Repeat the span of the entries below that starts at the line with "端攻めから流れるような気分のいい攻め。ここではほとんど サンドバック状態。まぎれを求めて▽55歩だが・・・・ |" and ends at the line with "Something different to", nothing more. Skip the pictures.

The data >>
Segment Open
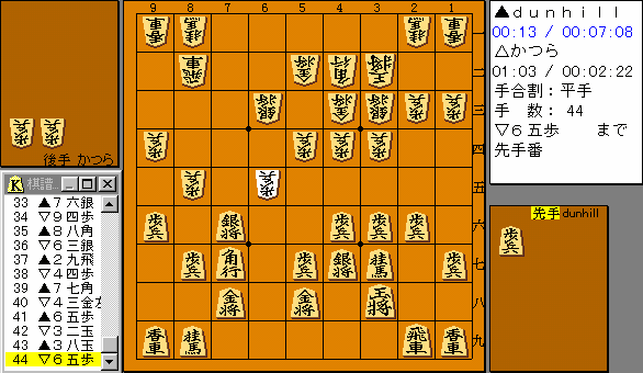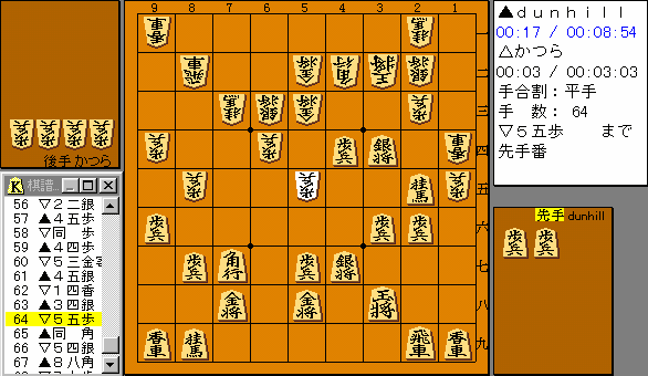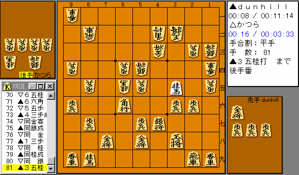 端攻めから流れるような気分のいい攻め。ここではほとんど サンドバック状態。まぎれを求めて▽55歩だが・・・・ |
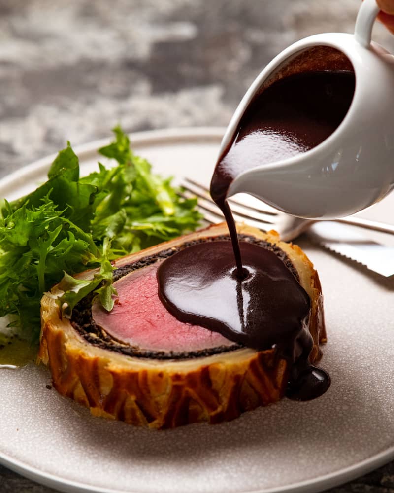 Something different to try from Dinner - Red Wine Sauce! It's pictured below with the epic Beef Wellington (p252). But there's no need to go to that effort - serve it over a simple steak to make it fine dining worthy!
Segment Closed
Segment Open
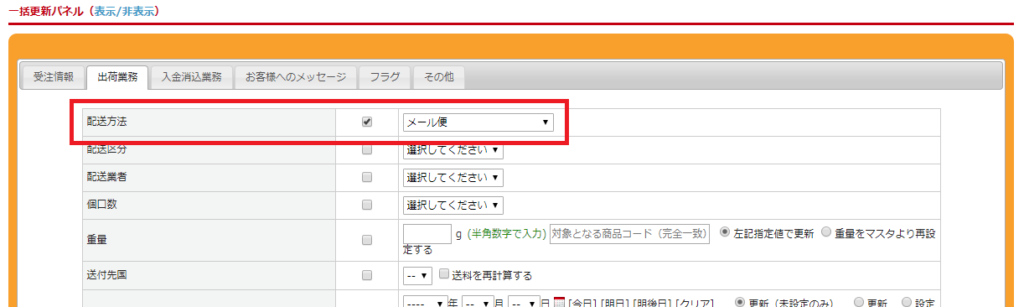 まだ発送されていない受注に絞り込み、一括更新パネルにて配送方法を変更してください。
Segment Closed
Exercise result >>
 端攻めから流れるような気分のいい攻め。ここではほとんど サンドバック状態。まぎれを求めて▽55歩だが・・・・ |
 Something different to try from Dinner - Red Wine Sauce! It's pictured below with the epic Beef Wellington (p252). But there's no need to go to that effort - serve it over a simple steak to make it fine dining worthy!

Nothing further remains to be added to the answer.